An analysis of the complexity of linear probing is difficult, and beyond what we can treat here. So long as the hash table is not too full (70%), then operations will look at less than 2 locations on average. Once the table is more than 70% full, the number of locations that need to be scanned goes up very quickly. Open addressing is faster than chaining when tables are not too full, but chaining has better characteristics when the table is almost full.
#Problems#
Most of these problems are ones that could be solved without a hash table, but using a hash table makes the solution faster. For example, to find a pair of elements of an array that sum to a given value can be solved by looking at all pairs. If the array has length n, this looks at n^2 pairs, and thus has complexity O(n^2). With as hash table, we can do this in O(n), looking at each object once, and storing n objects in out table, and doing only n requests. Hash tables are mostly used to improve the running time of algorithms. The functions they implment, get, set, and delete, can be implemented by a list, though a list is slower.
Find/Count Pair that sums to a value
Given an array of integers, find a pair that sums to a value, or alternately, count how many pairs sum to a value.
findPairSum([1,2,3,4],6) should return [2,4].
'countPairSum([1,2,3,4],5)` should return 2, as [1,4] and [2, 3] sum to 5.
Find duplicates in an array
Given an array of integers, find the duplicates in the array, and return an array of the duplicates, each occuring just once. Also, count the number of different duplicates.
findDuplicates([1,2,3,4,3,2,2]) should return [2,3].
countDuplicates([1,2,3,4,3,2,2]) should return 2.
Most frequent element in array
Given an array of integers, find the integer that occurs the most often. If two integers occur the same number of times, and more than any other, return the first.
mostFrequent([1,2,3,4,3,2,2]) should return 2.
##Intermediate##
Largest subarray with zero sum
Given an array of integers, find the length of the longest subarray with sum equals to 0.
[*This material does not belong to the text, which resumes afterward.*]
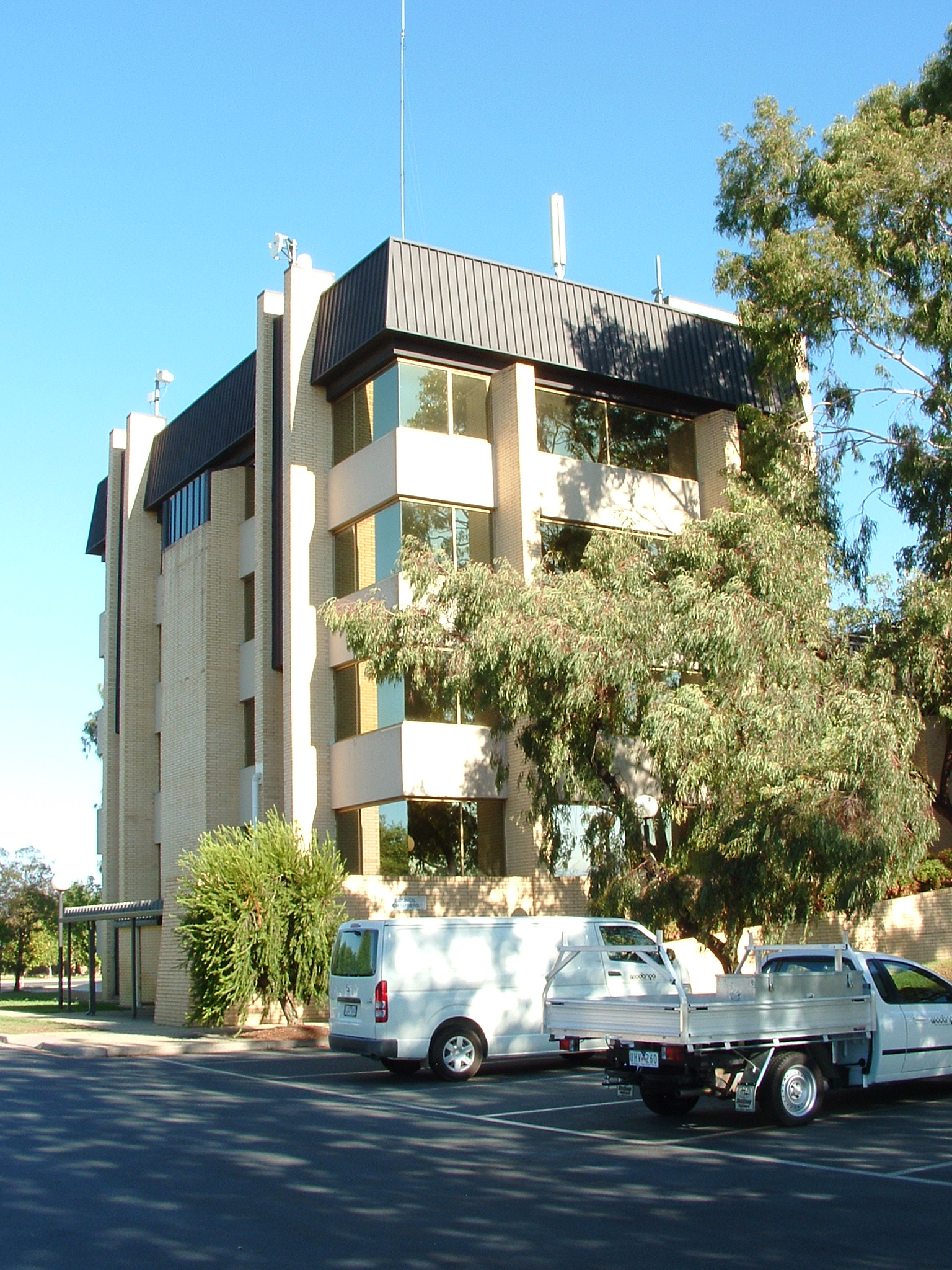 Wodonga Council Offices, Hovell Street. Taken by Blarneytherinosaur.

The easy solution is try all sub arrays and see which ones sum to 0. Keep track of the length of the longest one, and return that. This is O(n^2). With a hash table, we can do better.
largestZeroSubArray( [15, -2, 2, -8, 1, 7, 10, 23]) should return 0, as [15, -2, 2, -8, 1, 7] sums to 0.
Longest consecutive subsequence
Given an array of integers, find the length of the longest sub-sequence, not sub-array, such that elements in the sequence are consecutive integers, that is, numbers in order. The consecutive numbers can be in any order, they just need to be consective as a set.
For example, [1, 9, 3, 10, 4, 20, 2] has the sub-sequence 1,3,4,2. This is consecutive.
largestConsecutiveSubsequence( [1, 9, 3, 10, 4, 20, 2]) should return 4, as 1,3,4,2 is a subsequence, with all the numbers between 1 and 4.